Ukrainian officials say that only three of the 12 combat brigades supplied and trained by the U.S. and NATO allies so far have been engaged in fighting. Each brigade has about 4,000 troops.

“Real war is not a Hollywood blockbuster. The counteroffensive is not a new season of a Netflix show,” a Ukrainian presidential adviser, Mykhailo Podolyak, wrote on Twitter. “There is no need to expect action and buy popcorn.”

Earlier this week, Ukraine’s president, Volodymyr Zelensky, also tried to tamp down expectations for the counteroffensive, saying the push to retake occupied territory from Russia was bound to be a tedious and slow process.

Still, Mr. Zelensky acknowledged that demonstrating progress was critical to motivating his own troops and reassuring foreign backers who have already poured billions of dollars into the war.

So far, Ukrainian forces say they’ve recaptured a string of villages in the south as they hunt for vulnerabilities along the 600-mile front line. As those forces advance, they are encountering extensive defensive fortifications.


Credit…David Guttenfelder for The New York Times

KYIV, Ukraine — A day after President Volodymyr Zelensky warned of the potential for Russian sabotage at the Zaporizhzhia nuclear power plant, the largest in Europe, government agencies were laying out steps that residents could take to prepare for a nuclear disaster.

Though officials urged people to remain calm, at one pharmacy in the capital there was already a sharp uptick of people looking for potassium iodide pills.

“We are completely sold out,” said a worker at the Wholesale Prices Pharmacy, Denys Yakymenko, adding that one man had come in to buy seven boxes of the tablets in what Mr. Yakymenko saw as panic purchasing. “Last year, we had it as well.”

Another nearby pharmacy attached to a clinic, however, had not seen panic buying. Only one person had come looking for the medication, workers there said.

Potassium iodide is used to saturate a person’s thyroid with iodine so that radioactive iodine inhaled or ingested after exposure will not be retained by the gland. The tablets are one way to combat the effects of radiation exposure.

The Ukrainian capital is more than 340 miles from the Zaporizhzhia nuclear power plant, but there have been significant concerns about the safety of the plant, particularly in recent days, and a disaster there could affect an area of hundreds of miles.

On Thursday, Mr. Zelensky said that Ukrainian intelligence “has received information that Russia is considering the scenario of a terrorist act at the Zaporizhzhia nuclear plant — a terrorist act with the release of radiation.”

While Russia has denied the accusation, some in Ukraine were preparing for the worst.

Ukrainians have been through similar scares before, as escalations in the war led many to prepare for Russia to target the nuclear power plant or the deployment of a tactical nuclear weapon in Ukraine.

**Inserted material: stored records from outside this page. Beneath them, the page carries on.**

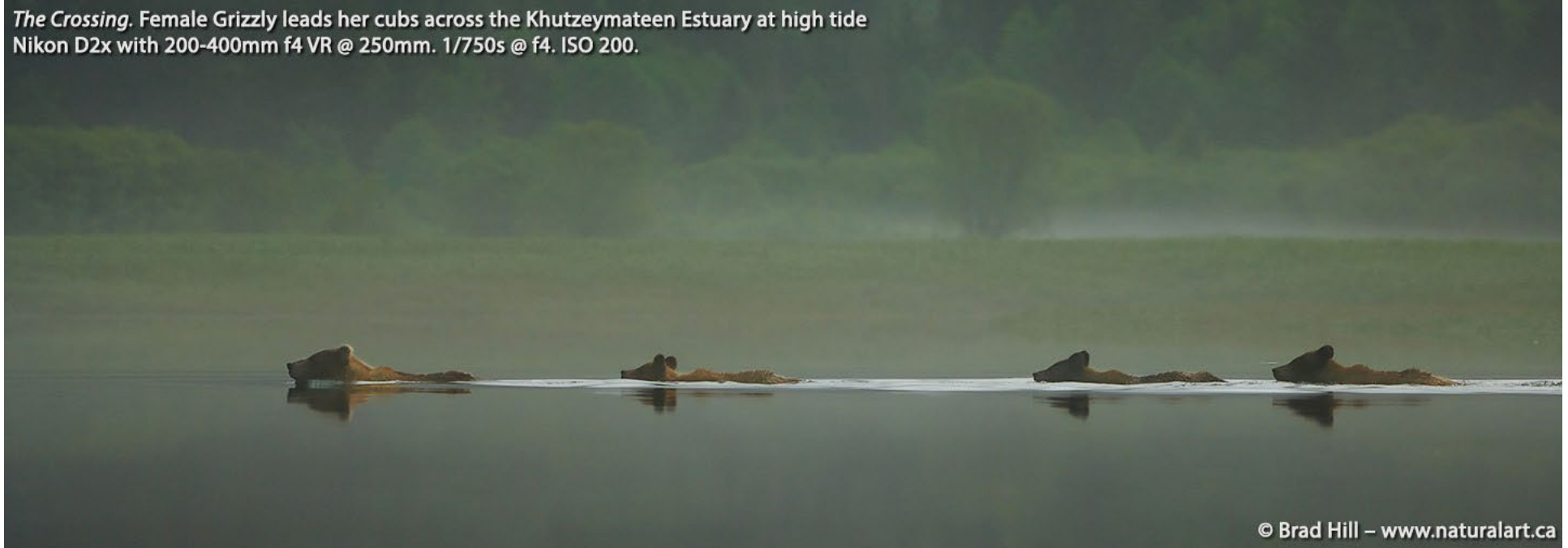
The Crossing. Female Grizzly leads her cubs across the Khutzeymateen Estuary at high tide Nikon D2x with 200-400mm f4 VR @ 250mm. 1/750s @ f4. ISO 200.
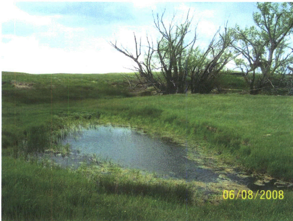
Photo 51: WL-18c. Emergent wetland within depression in Sage Creek Tributary 4 drainage. Looking north.
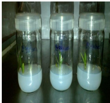
Figure-5. Root regeneration of Nerium odorum on MS fortified with BAP (1.5 mg/l) and NAA (0.5 mg/l).
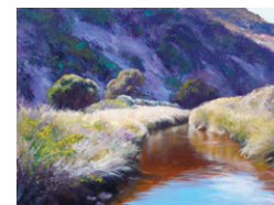
Sung Cove, Kangaroo Island Trevor Newman

Credit…Lynsey Addario for The New York Times

Concerns about an accident at the Zaporizhzhia Nuclear Power Plant have risen in recent weeks, as Ukraine has mounted a counteroffensive in the region and the Kakhovka dam was destroyed by an explosion, draining a reservoir used to feed a key cooling pond at the plant. The head of the United Nations’ nuclear watchdog agency warned earlier this week of an “extremely fragile” security situation at the plant.

Then came a cryptic warning on Wednesday from Ukraine’s military intelligence chief, Kyrylo Budanov, that the Russians had mined the cooling pond, a charge that Moscow denied and that U.N. inspectors at the plant said they had seen no evidence of. Finally, Mr. Zelensky raised the alarm on Thursday.

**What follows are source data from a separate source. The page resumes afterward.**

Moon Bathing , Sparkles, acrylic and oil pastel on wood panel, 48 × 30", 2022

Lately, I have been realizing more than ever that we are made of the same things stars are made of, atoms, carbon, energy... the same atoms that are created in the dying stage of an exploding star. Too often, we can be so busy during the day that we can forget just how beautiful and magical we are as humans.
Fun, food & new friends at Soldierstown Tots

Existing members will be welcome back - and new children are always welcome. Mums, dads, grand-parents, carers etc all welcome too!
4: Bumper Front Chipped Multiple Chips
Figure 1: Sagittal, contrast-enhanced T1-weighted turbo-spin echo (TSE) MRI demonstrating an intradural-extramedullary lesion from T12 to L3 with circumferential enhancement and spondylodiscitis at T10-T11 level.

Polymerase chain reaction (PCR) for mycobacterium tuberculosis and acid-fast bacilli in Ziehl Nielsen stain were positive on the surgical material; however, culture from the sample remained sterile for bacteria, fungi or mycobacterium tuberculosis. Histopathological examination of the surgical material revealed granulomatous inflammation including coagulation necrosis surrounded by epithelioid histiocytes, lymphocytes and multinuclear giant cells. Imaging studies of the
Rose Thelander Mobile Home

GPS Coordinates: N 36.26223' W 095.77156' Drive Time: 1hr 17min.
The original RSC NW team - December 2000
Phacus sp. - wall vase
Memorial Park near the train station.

Ukraine’s interior minister, Ihor Klymenko, said in a televised address on Friday that the government was convening engineers, representatives of the state emergency services, the police and doctors to prepare for an attack or act of sabotage at the plant that might release radiation. He urged people to remain calm and follow instructions from the authorities.

“The radioactive background that may be present in the air after any events will last for about one day,” he said. “We will reduce the radioactive background by 80 percent within a day.”

Mr. Klymenko said that in the case of a radiation release or a nuclear attack residents who are not instructed to evacuate should lock themselves in their rooms, close windows and turn off air conditioners to limit their exposure to radiation.

“We will clearly give all the instructions and all the rules of behavior during this time,” Mr. Klymenko said.

He also noted that exercises would be held in the coming days to prepare, but added that equipment for measuring radiation levels in Ukraine was ready for use.

Megan Specia and Oleksandr Chubko


A memorial for a 9-year-old girl who died when she was unable to get inside a bomb shelter in Kyiv in early June.Credit…Nicole Tung for The New York Times

President Volodymyr Zelensky of Ukraine castigated the management of Ukraine’s network of bomb shelters on Friday, saying many were in poor shape and promising a personnel shake-up to remedy what he called a “cynical and shameful” situation.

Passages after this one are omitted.